Nevertheless, since the Supreme Court’s Dobbs v. Jackson decision and subsequent state-level enactment of more restrictions on abortion, many media reports have been quoting physicians about how reluctant they are to perform certain medical interventions in case of pregnancy-related emergencies because they fear prosecution under the new state bans. This, the articles say, is leading to a dangerous landscape for pregnant women.
But Skop believes that the legal vagueness can be cleared up for doctors in a number of ways. State medical societies, with the help of legal counsel, can provide recommendations for their members about what is and what is not included in the law. Hospital committees can help doctors know what the laws say. A special hospital board can be established and prepared to convene at a moment’s notice if there’s a situation where a doctor is not sure what can be done, legally.
“Now that we have this new world where the states are going to be legislating abortion, there should be a very clear process, starting at the level of the state boards, going down to state and local medical associations, going down to individual hospital quality committees, to provide guidance,” Skop said. “I’ve practiced in a Baptist system for 25 years, and of course we don’t do elective abortions. But in these rare situations that I’ve mentioned – a woman is 18 weeks, there’s ruptured membranes, she’s clearly not infected yet, what should we do – we already have systems in place where three doctors, a chaplain, perhaps legal counsel will collaborate and discuss what in this particular situation should be done, and then they’ll make a recommendation on the hospital chart, and it gets done.”
Skop also believes that state governments can clarify laws further. “We have a regulatory state for every other law that’s not clear, right? Congress passes unclear laws all the time, and some bureaucracy at some level will put into place more specifics,” she said. “If it’s really unclear or if it doesn’t offer an exception for life or if there’s something about it that the people of that state say ‘We don’t want this; it’s not right,’ we can always revise our laws.”

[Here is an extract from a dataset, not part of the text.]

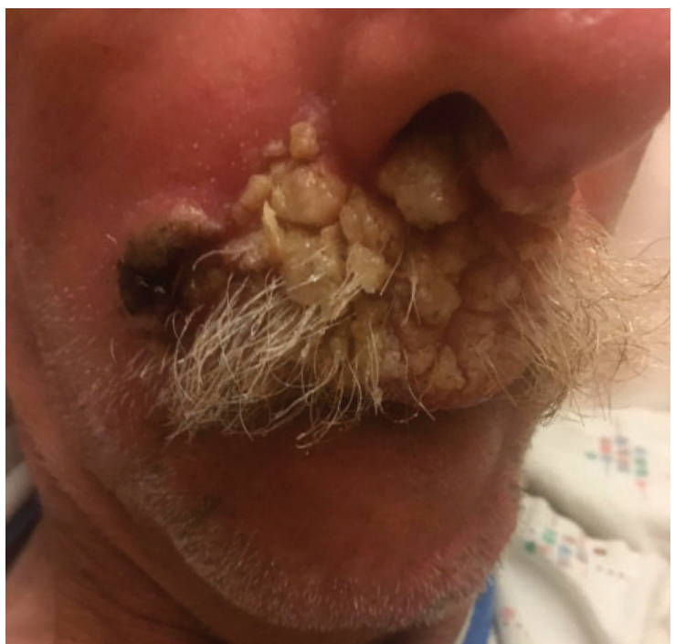
Figure 1. The patient presented with exophytic verrucous plaques on his upper cutaneous lip and nose.

Magnetic resonance imaging of the brain revealed ring-enhancing lesions in the pons and inferior cerebellar peduncle. Computed tomography of the chest showed bilateral upper-

Abusing the “health” exception?
In the meantime, Skop fears that the Biden Administration will go beyond EMTALA’s focus on life-threatening conditions and require abortion in less serious cases as well.

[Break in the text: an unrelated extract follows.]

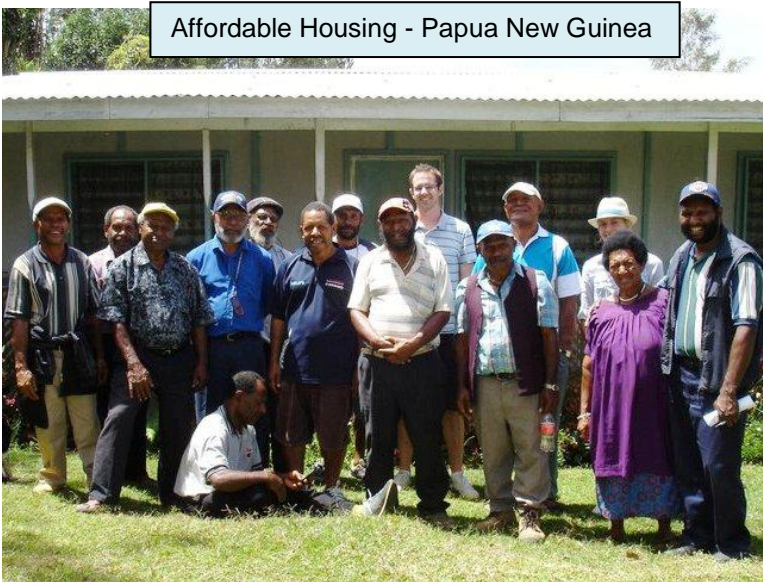
Affordable Housing - Papua New Guinea

“If they persist in saying EMTALA covers not just life-threatening conditions but covers health, I think that’s where they’re going to try to put pressure on physicians to perform abortions that are not clearly indicated,” she said.
Marie Hilliard, Ethics Committee co-chairwoman of the Catholic Medical Association, shares Skop’s concern. Hilliard said recently that the July 11 statement from HHS defines the phrase “emergency medical condition” as “a condition manifesting itself by acute symptoms of sufficient severity (including severe pain) such that the absence of immediate medical attention could reasonably be expected to result in placing the individual’s health [or the health of an unborn child] in serious jeopardy, serious impairment to bodily functions, or serious dysfunction of bodily organs.”

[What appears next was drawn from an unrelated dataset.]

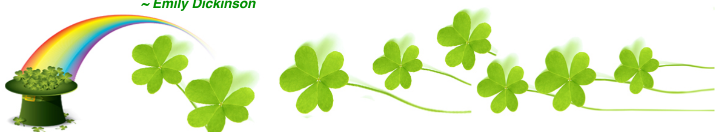
Page 4 of 7 — DELTA KAPPA GAMMA — ALPHA IOTA STATE — MARCH, 2012 / VOL. ONE / ISSUE SEVEN

We are very fortunate to be a Society of "Key Women Educators" with a vast array of talents. Begin thinking, talking and encouraging the idea of becoming a leader in our Society.

While EMTALA defines the term “health,” the July 11 HHS statement does not. Hilliard points out that in Doe v. Bolton, the 1973 companion decision to Roe v. Wade, opened the door to all abortions, medically necessary or not, based on how the physician and mother defined “health.”
“It became a subjective standard,” Hilliard said in a statement, “which, if applied in this case, would force the Catholic hospital to allow all abortions on demand.”